Sweet Packs


A certain gourmet donut store prides itself on being able to provide its customers with any number of donuts between 1 and 160. A customer may go to the counter and say “I want 43 donuts” and 43 donuts will appear.

Warm-Up

The restaurant wants to package their donuts in four different sizes. Your job is to figure out what those sizes should be in order to minimize the number of packets needed to fill the average order. For starters, assume that any order between 1 and 160 is equally likely.

For example, suppose the packet sizes are 1, 5, 10, and 20. If a customer orders 48 donuts, then the number of packets required is six: two packets of 20, one of 5, and three of 1.

My recommended strategy is to try all possible different combinations of four sizes and find the best. A few observations make this fast. First, one of the sizes is constrained to be 1, so really you have to test ascending triplets of sizes between 2 and 160 only. When evaluating a triplet, include a packet of size 1, calculate the average cost, and simply keep the best.
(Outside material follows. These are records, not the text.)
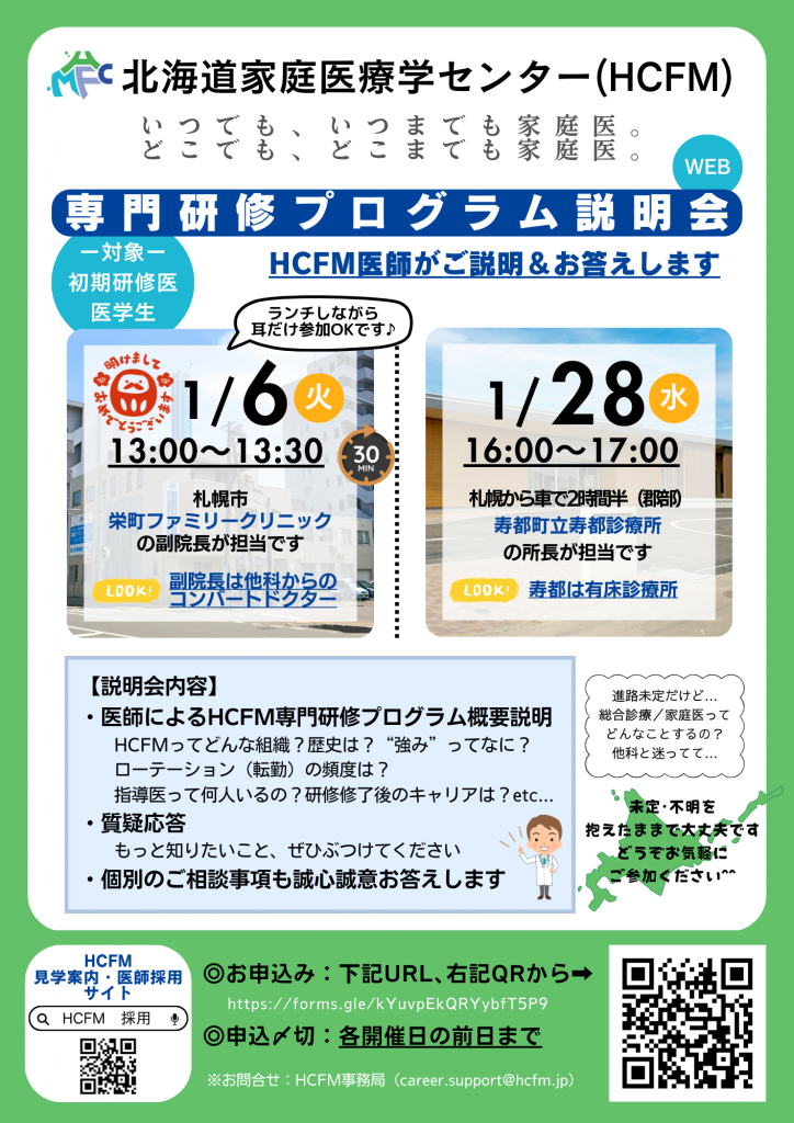 北海道家庭医療学センターの専門研修プログラムに関するオンライン説明会です。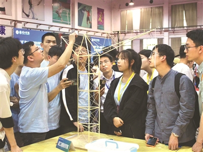 衢州学院党委委员、副校长吾国强表示,学校把学科竞赛作为应用型人才培养的一大抓手,推进“人人进学科竞赛”,提升学生的专业和实践能力,学科竞赛累计获全国三等奖以上奖项570余项,在2018——2022年全国新建本科院校大学生竞赛排行榜中位列第17名。参赛选手衢州学院工程管理专业学生姚楚仪告诉记者,本次比赛是他们心中分量最重的学科竞赛,被誉为“土木皇冠上最璀璨的明珠”。备赛过程中,姚楚仪和同伴一次次打磨、测试、加载,经历了无数模拟练习,终于在这方追逐梦想的舞台上实现了展示自我、提升技能的愿望。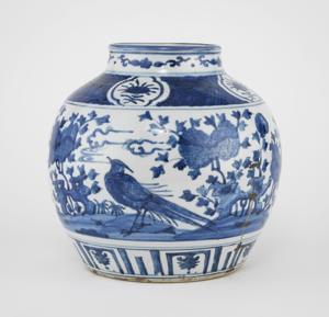 Porcelaine émaillée bleu blanc à décor de jardin, motifs floraux...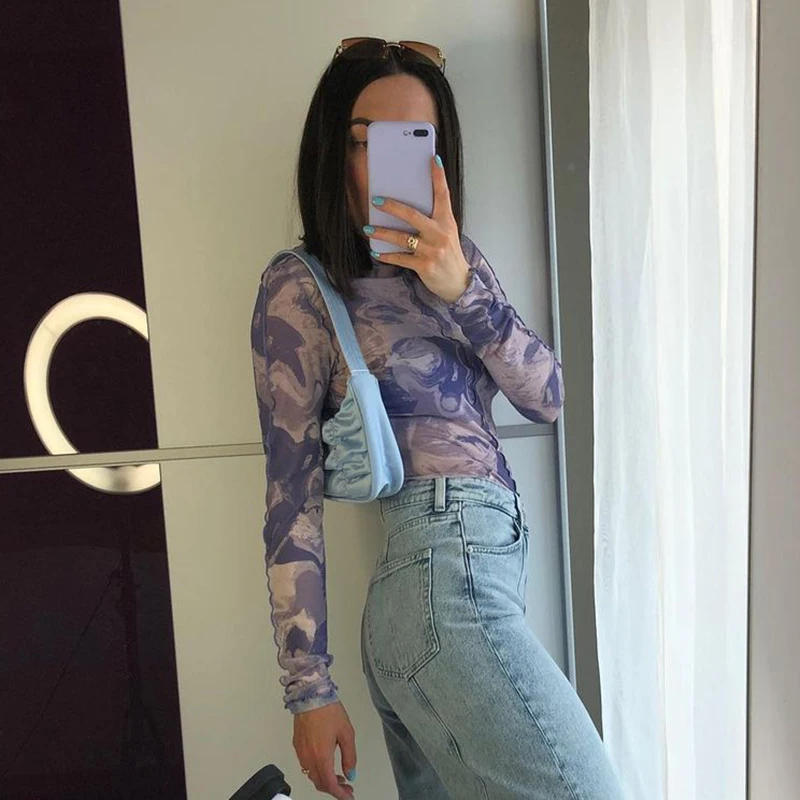 Женские сексуальные прозрачные сетчатые Короткие топы на весну и осень, Женская Прозрачная облегающая футболка с длинным рукавом и абстрактным принтом, фиолетовая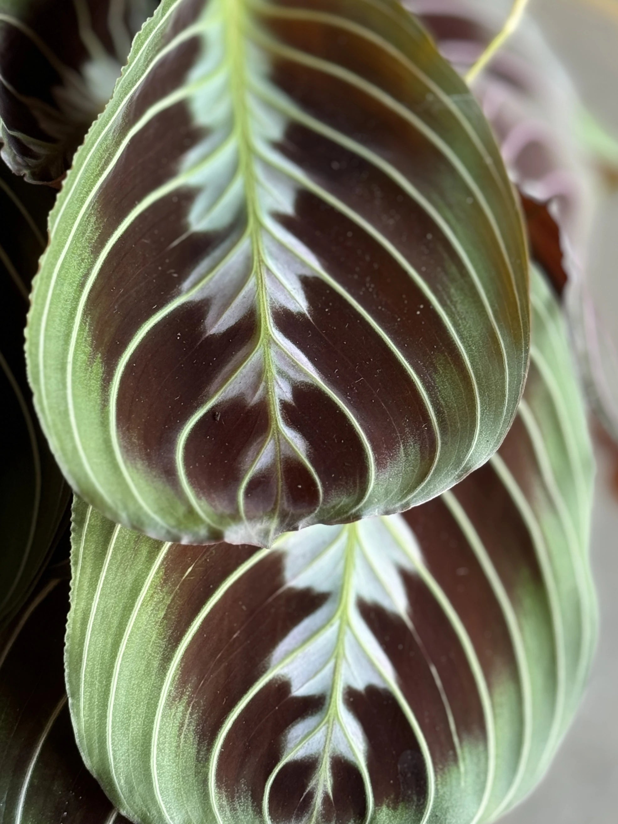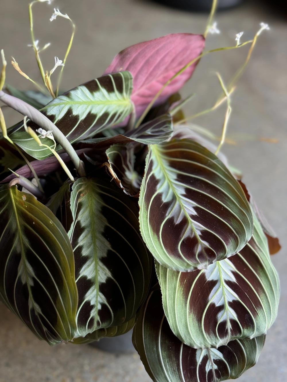 Black Maranta, often called the Prayer Plant, is appreciated for its striking, dark-toned leaves accented by subtle patterns of lighter green.

The inner loop of this process is “calculate the average cost.” That is, given a set of four packet sizes, compute the average number of packets needed for each order. Dynamic programming works really well for this purpose. See if you can figure out how.

Solution to Warm-Up

Here is high-level pseudo-code of one dynamic programming method.

Goal: Given four sizes 1, s1, s2, and s3, find the cost per order.

  1. Create an array of size 160. This will be your cost array.

  2. Initialize each entry to have infinite cost except for the entries at locations 1, s1, s2, and s3 to which you assign a cost of 1.

     for entry i = 2 to 160   if cost(i) == infinite      for entry j from 1 to i-1        if (cost(j) + cost(i-j)) < cost(i)             cost(i) := (cost(j) + cost(i-j))        end if      end for   end if end for

  3. Sum all the costs and divide by 160 to get the average cost.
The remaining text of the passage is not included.